Though they’ve evolved many times, HRAs aren’t new.
When the price of group health insurance began to rise in the 1960s, businesses and lawmakers began experimenting with innovations to ease the pressure. In 1974, Congress introduced HRAs through the Employee Retirement Income Security Act (ERISA).
The first HRA was the group-coverage HRA. With a group-coverage HRA, businesses could offer both a group health insurance policy and an HRA. Many businesses used the HRA to ease the pain of choosing a lower-cost, high-deductible group policy; they gave employees allowance amounts equal to the deductible or reimbursed employees for items not covered under the group policy.
In the early 2000s, HRAs evolved to become a stand-alone benefit. At their height, stand-alone HRAs could be integrated with both group and individual coverage and businesses could offer unlimited allowance amounts. Businesses could also offer different allowance amounts to different employees dependent on job-based criteria, like an employee’s title.

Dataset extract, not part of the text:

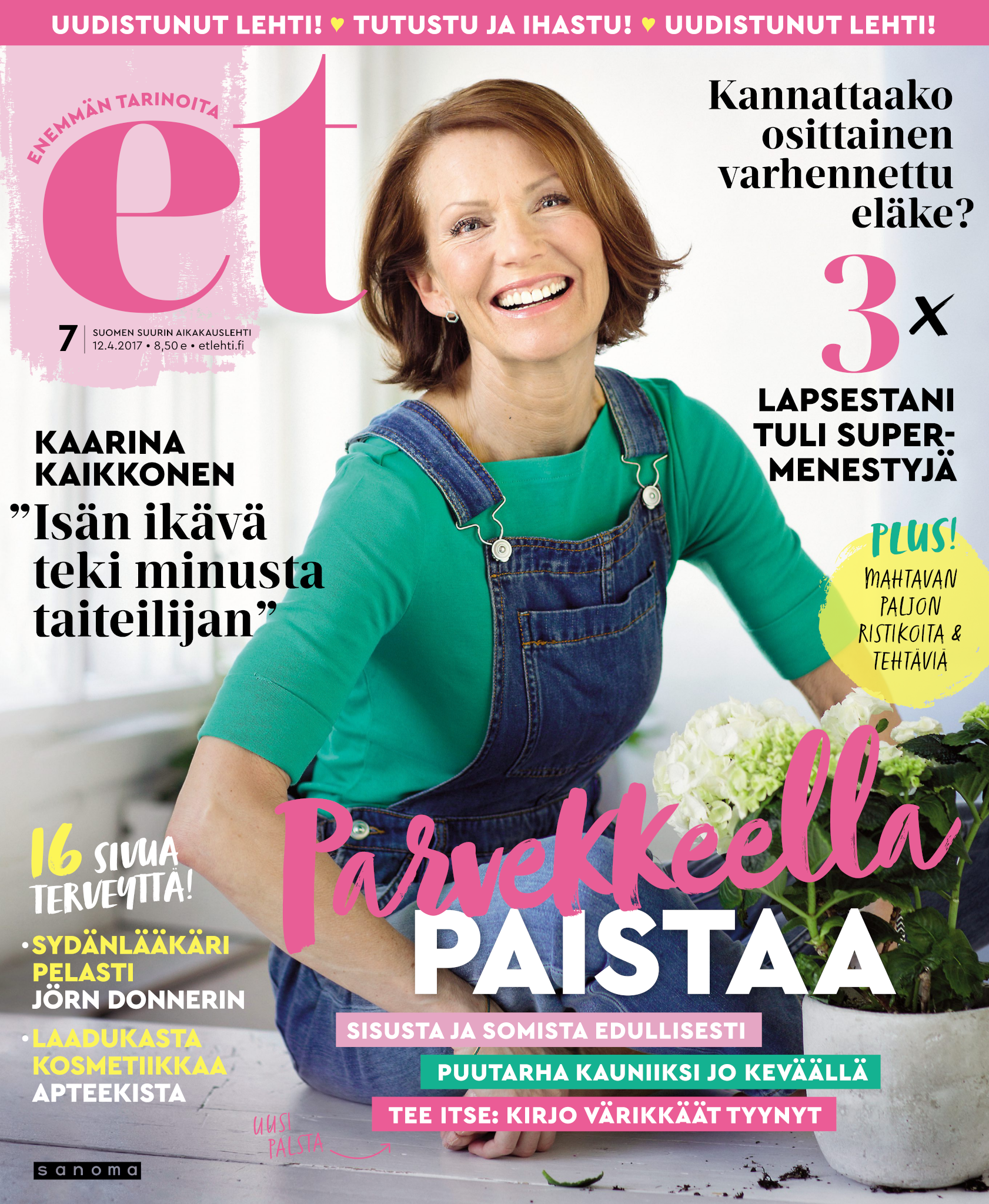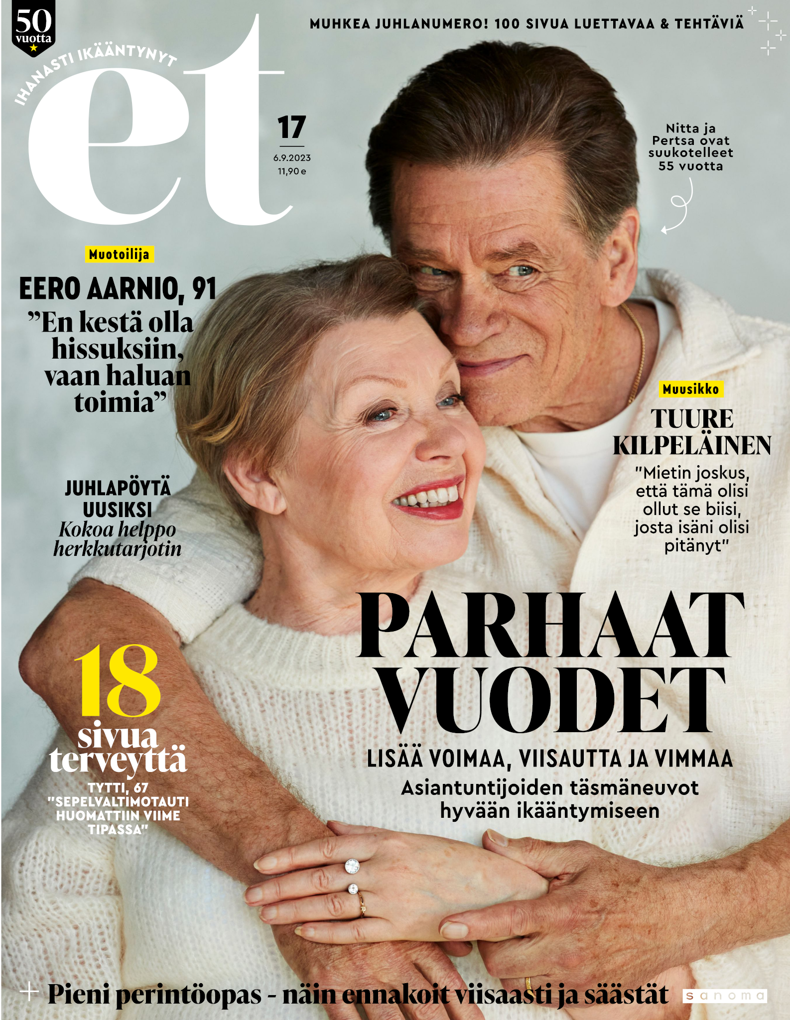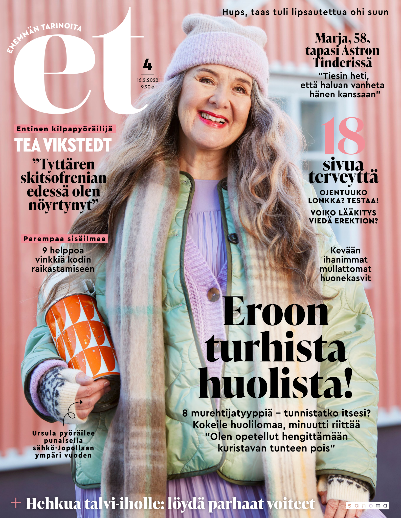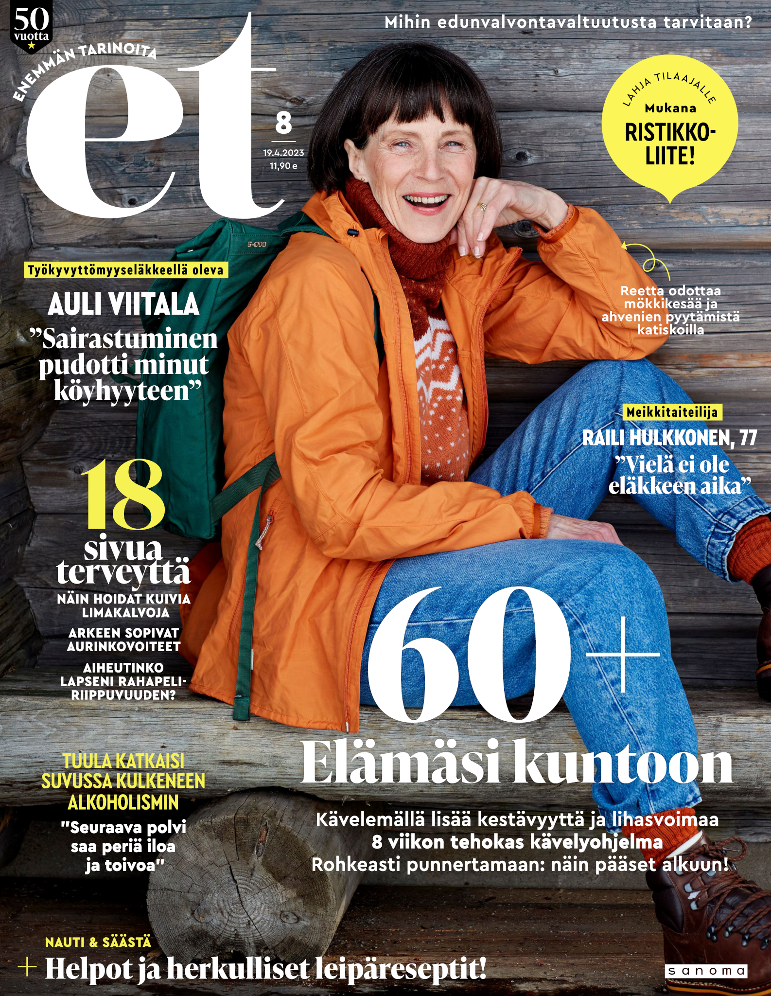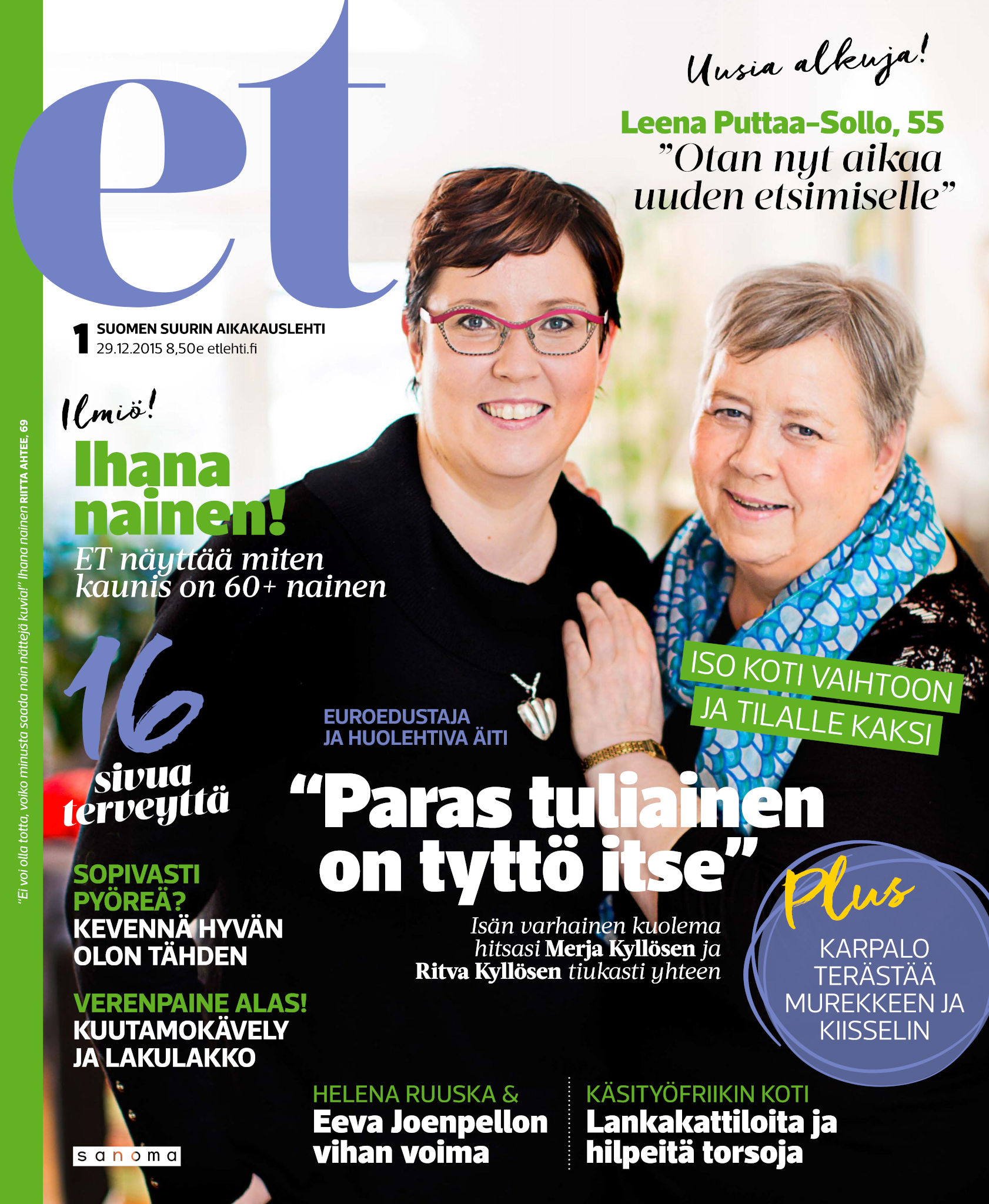 Tervetuloa mukaan ET:n innostavaan seuraan! Annamme vertaistukea ja tarjoamme hyötytiedon lisäksi nautinnollisia lukujuttuja kiinnostavista ihmisistä ja heidän elämänkohtaloistaan. ET kannustaa elämään omannäköistä elämää. Nautiskele arjen arvokkaista, pienistä asioista tai hanki uusia kokemuksia, löydä uusia kiinnostuksen kohteita tai löhöä sohvalla vaikka koko päivä! Kaikki käy! Me ET:ssä uskomme, että uteliaisuus elämän pieniä ja suuria asioita kohtaan pitää jokaisen päivän mielenkiintoisena ja mielen avoimena uusille kokemuksille. Uusi elämänvaihe on ihana ja jännittävä - otetaan siitä kaikki irti!

HRAs were significantly limited by IRS interpretation of the Affordable Care Act in 2013. Following the release of IRS Notice 2013-54, only three HRAs were available: the group-coverage HRA, a stand-alone HRA set up for one person, and an HRA set up for retirees.
In 2016, Congress created a new HRA with the passage of the 21st Century Cures Act: the qualified small employer HRA (QSEHRA). With the QSEHRA, small businesses with fewer than 50 employees could offer an HRA governed by new rules specified in the legislation.
HRAs continue to expand and, in 2020, two new HRAs will be available: the individual-coverage HRA (ICHRA) and the excepted-benefit HRA. These HRAs will be available to businesses of all sizes, and will in some ways more closely resemble the stand-alone HRAs of the past.